There is a simple closed formula in terms of the roots of a degree-6 polynomial.
It's actually a little easier to consider a general fair die with $d\ge 2$ faces labeled with the numbers $1,2,\ldots, d.$
Let $e_k$ be the expected number of rolls needed to equal or exceed $k.$ For $k\le 0,$ $e_k=0.$ Otherwise the expectation is one more than the expectation of the number of rolls to reach the immediately preceding value, which would be among $k-d, k-d+1, \ldots, k-1,$ whence
$$e_k = 1 + \frac{1}{d}\left(e_{k-d} + e_{k-d+1} + \cdots + e_{k-1}\right).\tag{1}$$
This linear recurrence relation has a solution in the form
$$e_k = \frac{2k}{d+1} + \sum_{i=1}^d a_i \lambda_i^k\tag{2}$$
where the $\lambda_i$ are the $d$ complex roots of the polynomial
$$T^d - \frac{1}{d}(T^{d-1} + T^{d-2} + \cdots + T + 1).\tag{3}$$
The constants $a_i$ are found by applying the solution $(2)$ to the values $k=-(d-1), -(d-2), \ldots, -1, 0$ where $e_k=0$ in every case. This gives a set of $d$ linear equations in the $d$ constants and it has a unique solution. That the solution works can be demonstrated by verifying the recurrence $(1)$ using the fact that every root satisfies $(3):$
$$\eqalign{
1 + \frac{1}{d}\sum_{j=1}^{d} e_{k-j} &= 1 + \frac{1}{d}\sum_{j=1}^{d} \left(\frac{2(k-j)}{d+1} + \sum_{i=1}^d a_i \lambda_i^{k-j}\right) \\
&= \frac{2k}{d+1} + \sum_{i=1}^d a_i \lambda_i^{k-d}\left[\frac{1}{d}(1 + \lambda_i + \cdots + \lambda_i^{d-1})\right] \\
&= \frac{2k}{d+1} + \sum_{i=1}^d a_i \lambda_i^{k-d}\lambda_i^d \\
&= \frac{2k}{d+1} + \sum_{i=1}^d a_i \lambda_i^k = e_k.
}$$
This closed form solution gives us good ways to approximate the answer as well as to evaluate it accurately. (For small to modest values of $k,$ direct application of the recurrence is an effective computational technique.) For example, with $d=6$ we can readily compute
$$e_{1\,000\,000} = 285714.761905\ldots$$
For approximations, there will be a unique largest root $\lambda_{+}=1$ so eventually (for sufficiently large $k$) the term $\lambda_{+}^k$ will dominate the $d$ terms in $(2).$ The error will decrease exponentially according to the second smallest norm of the roots.

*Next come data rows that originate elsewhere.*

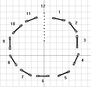Så vad hade slalom med klockslag att göra? När vi beskriver från vilket riktning hunden kommer in i slalom så anger vi det med hjälp av klockan. Tänk er att själva slalom är stora visaren som står på klockan 12; sätter vi sedan hinder där de olika klockslagen på klockan finns ser vi att beroende på vilket hinder hunden tar så kommer den att gå in i slalom vid olika siffror (se skiss).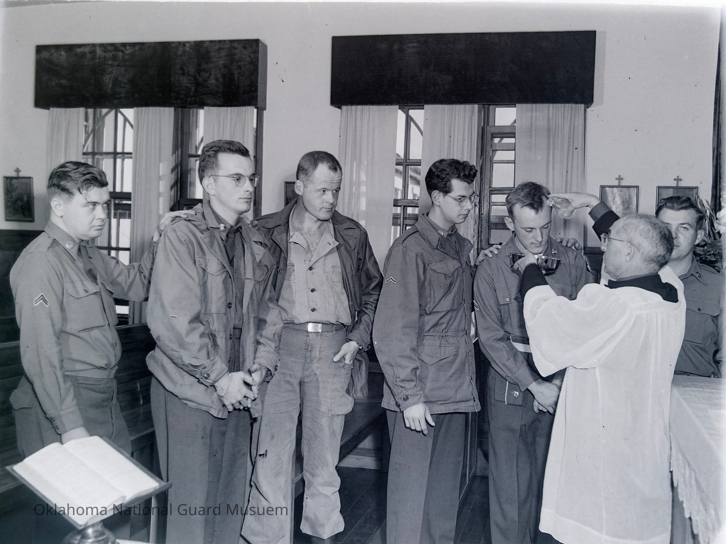Negative of soldiers participating in a religious ceremony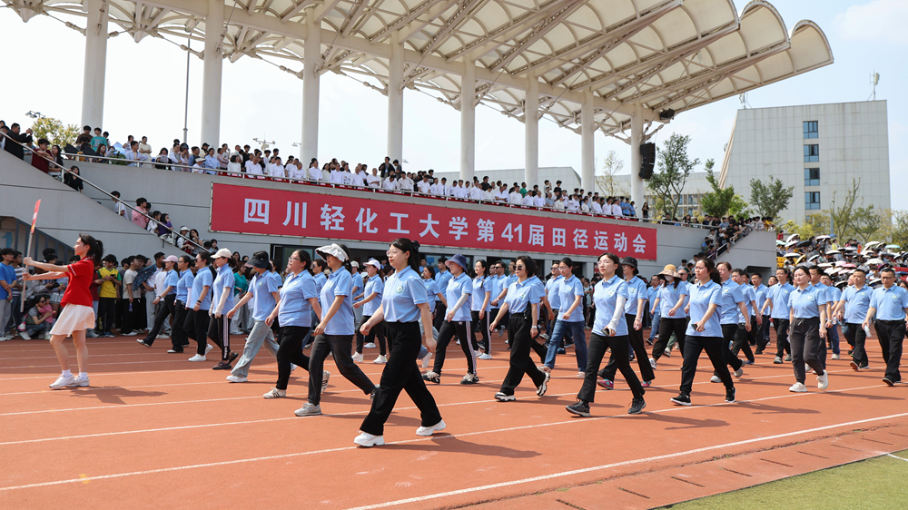 随后,教职工方队踏着《运动员进行曲》的铿锵节奏步入会场,看台上瞬间响起热烈的掌声。这群平日里在三尺讲台授业解惑的教育工作者,此刻换上运动装束,以别样姿态演绎体育精神。他们既展现出川轻化人昂扬向上的精神风貌,更昭示着体育强国建设正在校园沃土上生根发芽。

Continuing the example with $k=6,$ the coefficient of $\lambda_{+}$ is $a_{+}=0.4761905$ and the next-smallest norm is $0.7302500.$ (Incidentally, the other $a_i$ tend to be very close to $1$ in size.) Thus we may approximate the previous value as
$$e_{1\,000\,000} \approx \frac{2\times 10^6}{6+1} + 0.4761905 = 285714.761905\ldots$$
with an error on the order of $0.7302500^{10^6} \approx 10^{-314\,368}.$
To demonstrate how practical this solution is, here is R
code that returns a function to evaluate $e_k$ for any $k$ (within the scope of double precision floating point calculations) and not overly large $d$ (it will bog down once $d\gg 100$):
die <- function(d, mult=1, cnst=1, start=rep(0,d)) {
# Create the companion matrix (its eigenvalues are the lambdas).
X <- matrix(c(0,1,rep(0,d-1)),d,d+1)
X[, d] <- mult/d
lambda <- eigen(X[, 1:d], symmetric=FALSE, only.values=TRUE)$values
# Find the coefficients that agree with the starting values.
u <- 2*cnst/(d+1)
a <- solve(t(outer(lambda, 1:d, `^`)), start - u*((1-d):0))

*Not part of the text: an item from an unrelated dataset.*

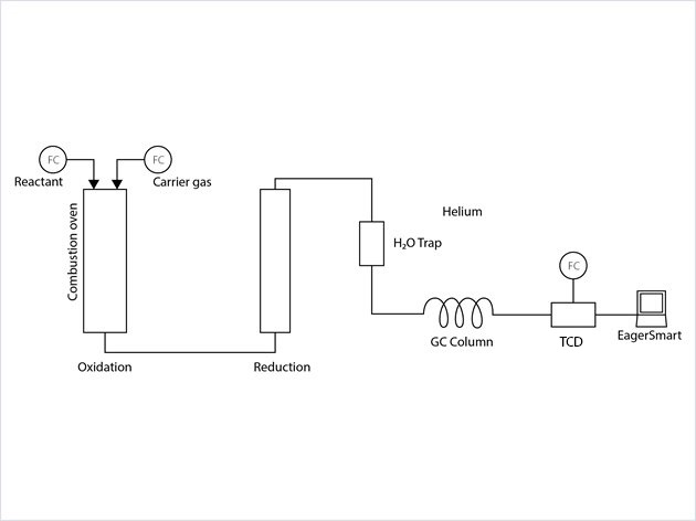 | 第二個(gè)質(zhì)量流量控制器將氦氣引入燃燒爐,作為燃燒氣體的載體。水(H2O)在燃燒爐下游的脫水器中被去除,氦氣載入燃燒氣體道氣相色譜(GC)柱分離組分。氣體隨后傳送到熱導(dǎo)檢測(cè)器(TCD)來定量地確定各種氣體的數(shù)量,以及相應(yīng)元素的數(shù)量。第三個(gè)質(zhì)量流量控制器向熱導(dǎo)檢測(cè)器提供氦氣流量。

# This function assumes the starting values are all real numbers.
f <- Vectorize(function(i) Re(sum(a * lambda ^ (i+d))) + u*i)
list(f=f, lambda=lambda, a=a, multiplier=mult, offset=cnst)
}
As an example of its use, here it calculates the expectations for $k=1,2,\ldots, 16:$
round(die(6)$f(1:10), 3)
1.000 1.167 1.361 1.588 1.853 2.161 2.522 2.775 3.043 3.324 3.613 3.906 4.197 4.476 4.760 5.046
The object it returns includes the roots $\lambda_i$ and their multipliers $a_i$ for further analysis. The first component of the multipliers array is the useful coefficient $a_{+}.$
(If you're curious what the other parameters of die
are for, execute die(2, 2, 0, c(1,0))$f(1:10)
and see whether you recognize the output ;-). This generalization assisted in developing and testing the function.)